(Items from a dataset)
╭──

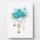 Llave de oro antiguo con rosas turquesa de moda decorados con hojas de oro blanco y cuentas rosas y azules. Color de moda. Rosas turquesas. Oro blanco. Tifanía azul.
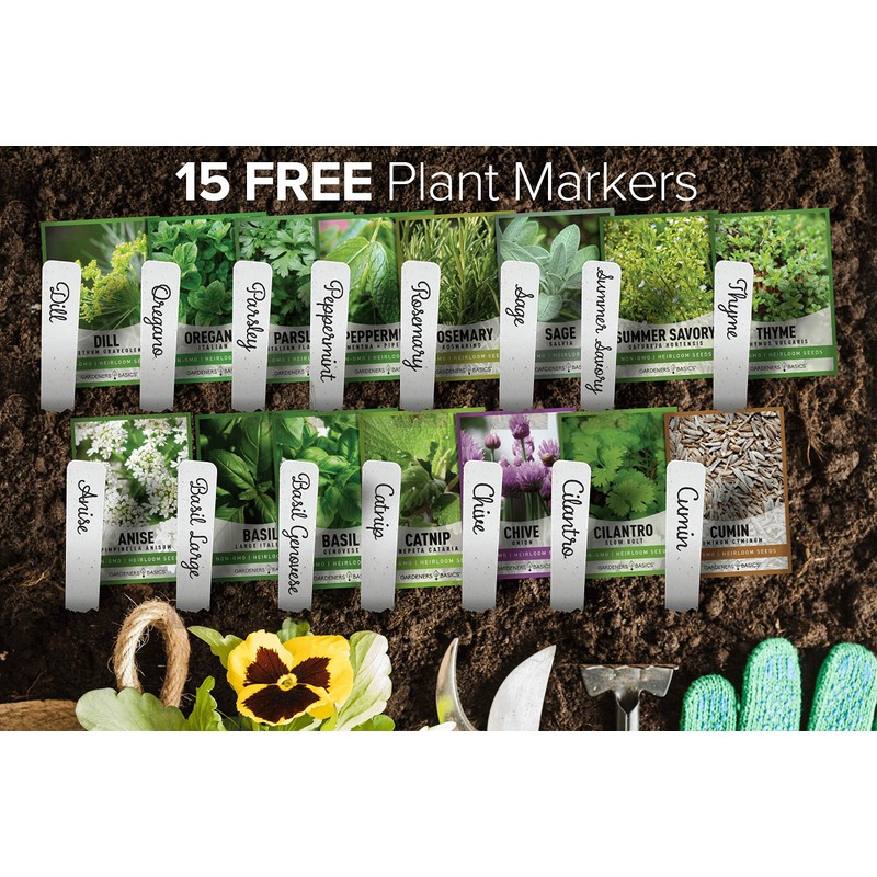 - FREE BONUS - 15 Free plant markers to help you keep track of what herb seeds for planting indoors and outdoors you planted where.
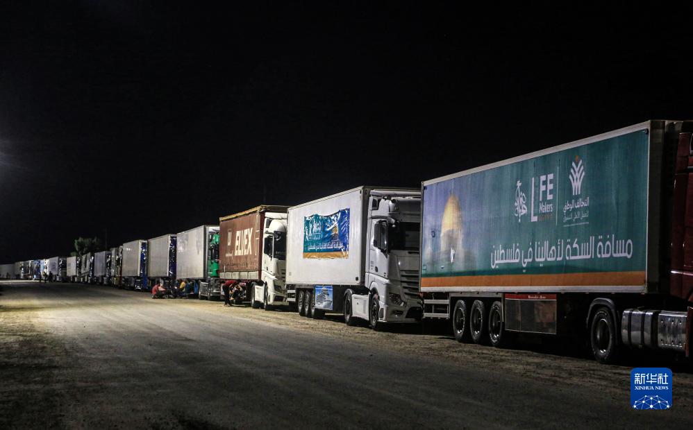 10月19日,在拉法口岸埃及一側,裝載有人道援助物資的貨車在等待拉法口岸開放。
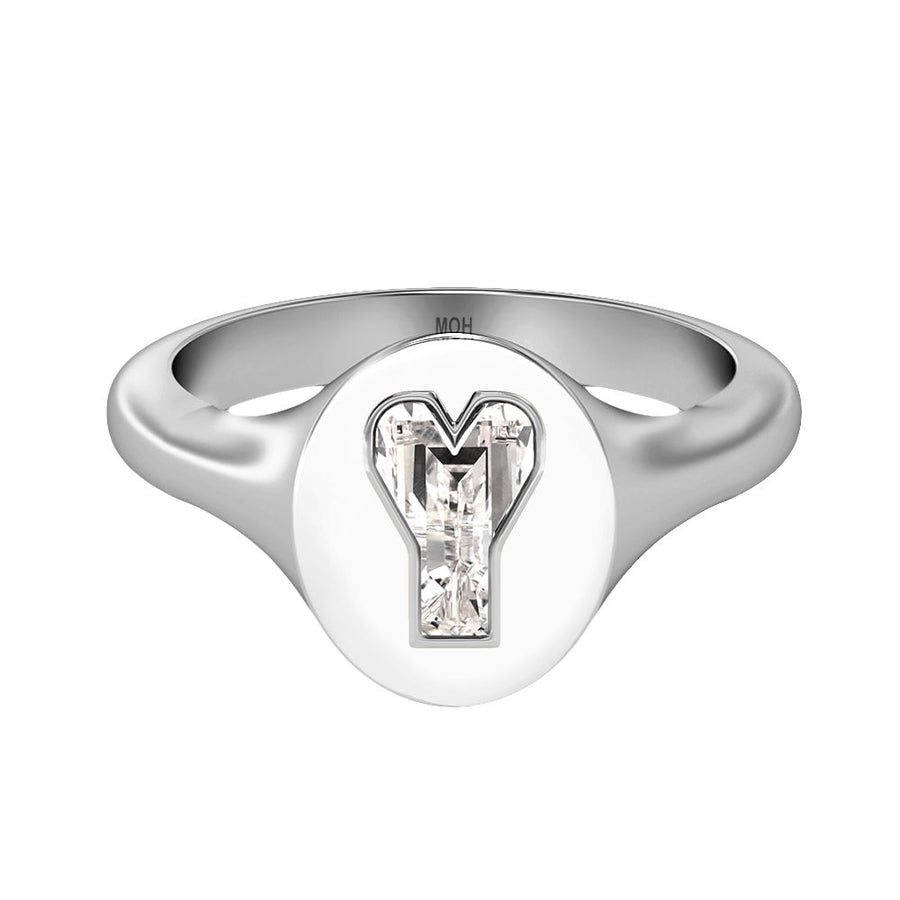 MOHAlphabet 18K Whitegold Initial Y Signet Ring w. Solitaire Lab-Grown Diamond
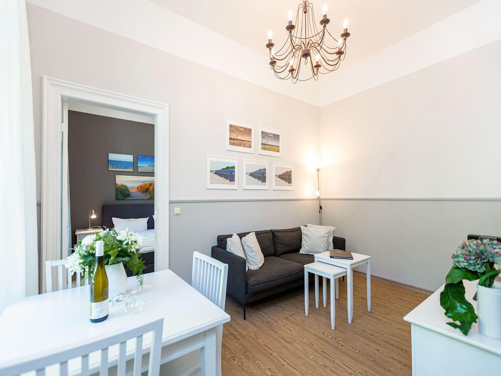 In dieser schönen und hellen, 40 Quadratmeter großen Zwei-Zimmer-Wohnung im Hochparterre der Villa Amelia umgibt Sie noch das mondäne Flair der kaiserzeitlichen Bädervillen. Wunderschön saniert, strahlt sie durch die hohen Räume und die Stuckzierleisten an den Wänden noch dieses luxuriöse Lebensgefühl der Zeit um 1900 aus. Die stilvolle Einrichtung des Wohnzimmers und des Schlafzimmers entführt Sie, ihren Partner und gerne auch ihr Haustier im Handumdrehen in eine entspannte Urlaubswelt. Home sweet home im Landhausstil. Ein bequemes Sofa lädt vor dem Flat-TV zum Entspannen ein. Am schönen, weißen Esstisch haben Sie einen wunderbaren Blick ins Grüne. Vor dem Wohnzimmer wartet ein kleiner Balkon nur darauf, dass Sie es sich dort am Gartentisch bequem machen. Wohnzimmer und Küche sind durch einen offenen Rundbogen miteinander verbunden. Hier finden Sie alles, was das Herz des Hobbykochs höher schlagen lässt: Cerankochfeld, Kühlschrank, Spülmaschine, Kaffeemaschine und Geschirr. Im separaten Schlafzimmer macht das große und komfortable Boxspringdoppelbett nicht nur zum Schlafen Spaß. Das Bad ist mit einer Dusche und einem Waschbecken ausgestattet. Das WC befindet sich in einem separaten, ein paar Stufen tiefer gelegenen Raum. Entspannen Sie in diesem kleinen, aber feinen Urlaubsdomizil von der ersten Minute an. Das Bett ist bei Anreise bezogen und Handtücher liegen bereit. Zu der Wohnung gehört ein Pkw-Stellplatz am Haus. Das WLAN kann kostenfrei genutzt werden.
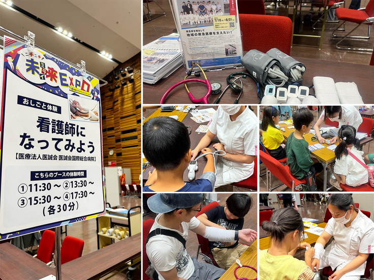 8月3日(土)、4日(日)に開催されたニチニチ未来EXPO(会場:城東スギタクレストホール)に出展し、地域にお住まいの皆さんに、看護師さんのお仕事の一部、血圧、脈拍、酸素濃度の測定・心音聴診・包帯の巻き方を体験していただきました。
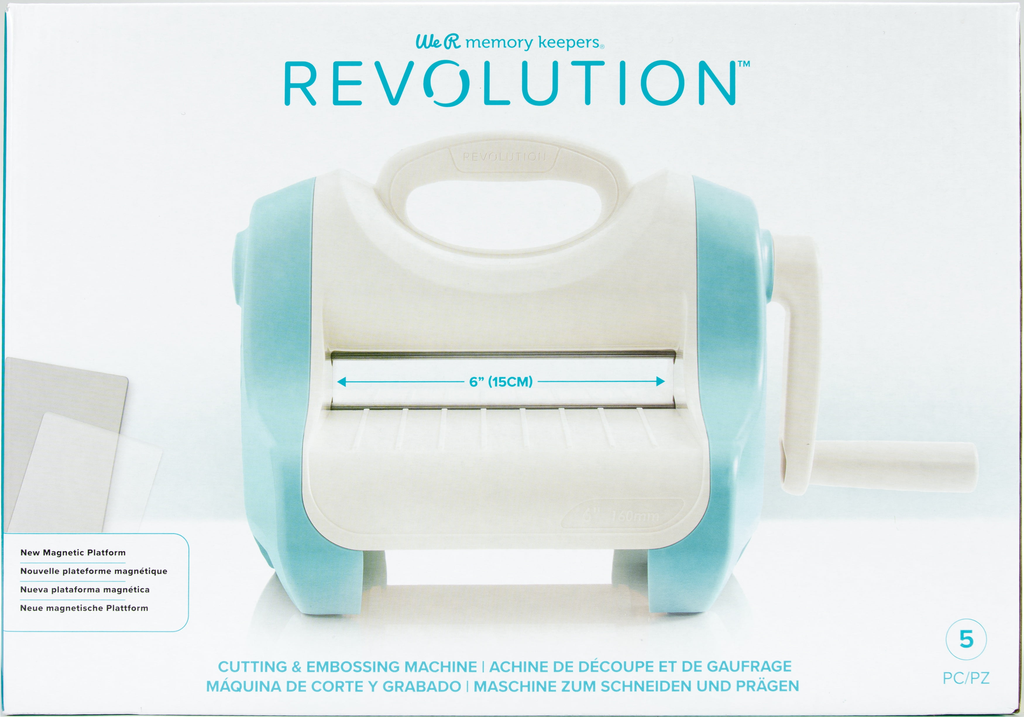 This machine is compatible with most leading brand dies and embossing folders. Die-cutting has never been easier with this innovative magnetic platform system. The clear cutting plate allows for visual confirmation, and is perfect for cutting our stamped images. This 14x10x11.5 inch package contains one machine, one Revolution tool, one platform, one magnetic mat, one die plate and one embossing plate. Imported.
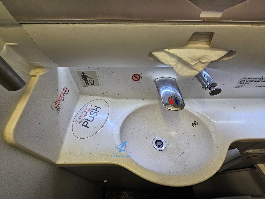 화장실은 좀 문제가 있었습니다. 화장실 시설은 깨끗했지만 에미레이트항공처럼 고급스러운 느낌은 없었습니다. 문제는 비행 중이었는데 어찌나 승객들이 화장실을 지저분하게 사용했는지 몇 시간 후 화장실에 들어가니 물인지 **인지 알 수 없는 액체들이 화장실 비닥에서 비행기 흔들림에 따라 파도치듯 출렁이고 있었죠.
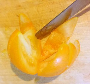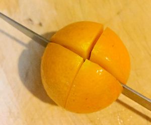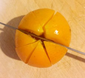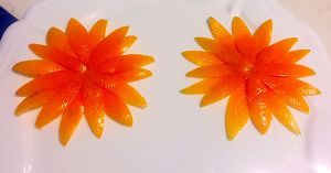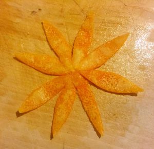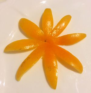 将两个金桔皮错位的摆在一起小花就更加鲜美喽

╰──

» **To do**
Leaving out the pictures, output each line above exactly as it is.

» **Exercise result**
 Llave de oro antiguo con rosas turquesa de moda decorados con hojas de oro blanco y cuentas rosas y azules. Color de moda. Rosas turquesas. Oro blanco. Tifanía azul.
 - FREE BONUS - 15 Free plant markers to help you keep track of what herb seeds for planting indoors and outdoors you planted where.
 10月19日,在拉法口岸埃及一側,裝載有人道援助物資的貨車在等待拉法口岸開放。
 MOHAlphabet 18K Whitegold Initial Y Signet Ring w. Solitaire Lab-Grown Diamond
 In dieser schönen und hellen, 40 Quadratmeter großen Zwei-Zimmer-Wohnung im Hochparterre der Villa Amelia umgibt Sie noch das mondäne Flair der kaiserzeitlichen Bädervillen. Wunderschön saniert, strahlt sie durch die hohen Räume und die Stuckzierleisten an den Wänden noch dieses luxuriöse Lebensgefühl der Zeit um 1900 aus. Die stilvolle Einrichtung des Wohnzimmers und des Schlafzimmers entführt Sie, ihren Partner und gerne auch ihr Haustier im Handumdrehen in eine entspannte Urlaubswelt. Home sweet home im Landhausstil. Ein bequemes Sofa lädt vor dem Flat-TV zum Entspannen ein. Am schönen, weißen Esstisch haben Sie einen wunderbaren Blick ins Grüne. Vor dem Wohnzimmer wartet ein kleiner Balkon nur darauf, dass Sie es sich dort am Gartentisch bequem machen. Wohnzimmer und Küche sind durch einen offenen Rundbogen miteinander verbunden. Hier finden Sie alles, was das Herz des Hobbykochs höher schlagen lässt: Cerankochfeld, Kühlschrank, Spülmaschine, Kaffeemaschine und Geschirr. Im separaten Schlafzimmer macht das große und komfortable Boxspringdoppelbett nicht nur zum Schlafen Spaß. Das Bad ist mit einer Dusche und einem Waschbecken ausgestattet. Das WC befindet sich in einem separaten, ein paar Stufen tiefer gelegenen Raum. Entspannen Sie in diesem kleinen, aber feinen Urlaubsdomizil von der ersten Minute an. Das Bett ist bei Anreise bezogen und Handtücher liegen bereit. Zu der Wohnung gehört ein Pkw-Stellplatz am Haus. Das WLAN kann kostenfrei genutzt werden.
 8月3日(土)、4日(日)に開催されたニチニチ未来EXPO(会場:城東スギタクレストホール)に出展し、地域にお住まいの皆さんに、看護師さんのお仕事の一部、血圧、脈拍、酸素濃度の測定・心音聴診・包帯の巻き方を体験していただきました。
 This machine is compatible with most leading brand dies and embossing folders. Die-cutting has never been easier with this innovative magnetic platform system. The clear cutting plate allows for visual confirmation, and is perfect for cutting our stamped images. This 14x10x11.5 inch package contains one machine, one Revolution tool, one platform, one magnetic mat, one die plate and one embossing plate. Imported.
 화장실은 좀 문제가 있었습니다. 화장실 시설은 깨끗했지만 에미레이트항공처럼 고급스러운 느낌은 없었습니다. 문제는 비행 중이었는데 어찌나 승객들이 화장실을 지저분하게 사용했는지 몇 시간 후 화장실에 들어가니 물인지 **인지 알 수 없는 액체들이 화장실 비닥에서 비행기 흔들림에 따라 파도치듯 출렁이고 있었죠.
 将两个金桔皮错位的摆在一起小花就更加鲜美喽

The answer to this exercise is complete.